# Clovis, NM



## debra86 (May 6, 2010)

Hello all, 
We just adopted a female GSD yesterday from a kill-shelter! The kill-shelter just posted up a new GSD dog TODAY and we would LOVE to adopt him but we do not have the space for two big dogs. Both GSD (the one we adopted and the male listed) were found near each other. The owner (whoever that is) lets them roam around on busy streets and does not care for them. =( The GSD female we adopted is PERFECT. She's calm, listens, intelligent, and great with my 8 month old son. It has only been a little over 24 hours with her but she's amazing. I am trying to find a home for the male GSD since I'm thinking his temperment is the same. The shelter gives the dogs 3-6 days to "live" and sometimes LESS if they run out of room in the cages. =( It's extremely sad and I just don't know what to do. I'm trying to talk my husband into adopting the male as well but I am not having any luck.

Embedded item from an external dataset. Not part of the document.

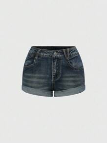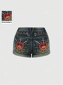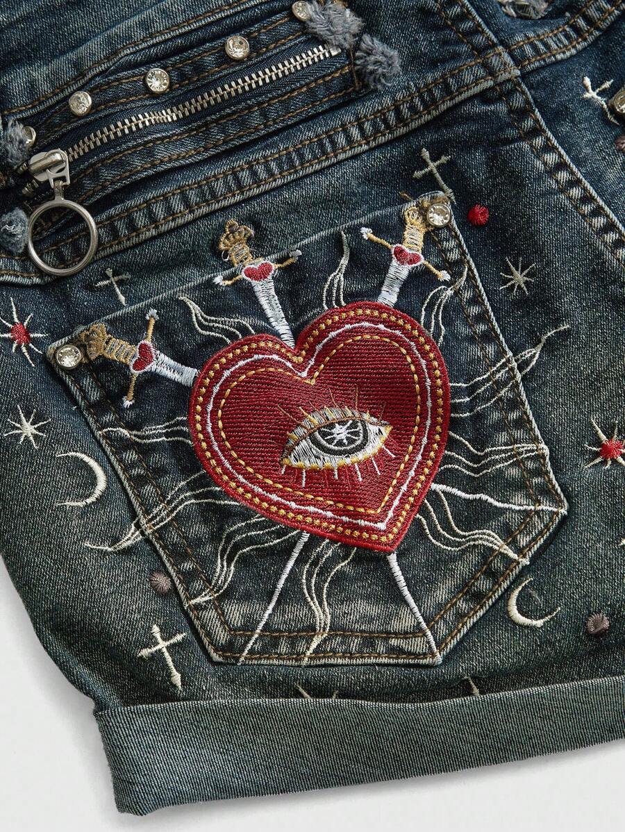 Fairycore Shorts di jeans con decorazioni barocche gotiche, ricami a forma di cuore, strass a forma di lacrima e stella

I'm thinking they are brother/sister! 
Adoptable German Shepherd Dog: Cage #21 (30313): Petfinder

that is the link....


----------



## csaiz (Dec 21, 2006)

There are 2 GSD Rescues in New Mexico. One in Albuquerque qne one in Las Cruces. Did you get in touch with them?


----------



## debra86 (May 6, 2010)

Not yet. We decided to pick him up when he's available (the 10th) if nobody else has.. we will then foster him and contact the shelters or KEEP him. I went to visit him at the pound and he is absolutely amazing. He is extremely sweet and isn't shy at all!


----------



## mcgwnlynn (Sep 20, 2009)

*wow !!!!!!!!! Beautiful !! Have 5, can't do more at this time, everyone, look at this gorgeous dog !!!! Congratulations on your new pup, and thanks for adopting !!!*


----------



## debra86 (May 6, 2010)

The male GSD was picked up.


----------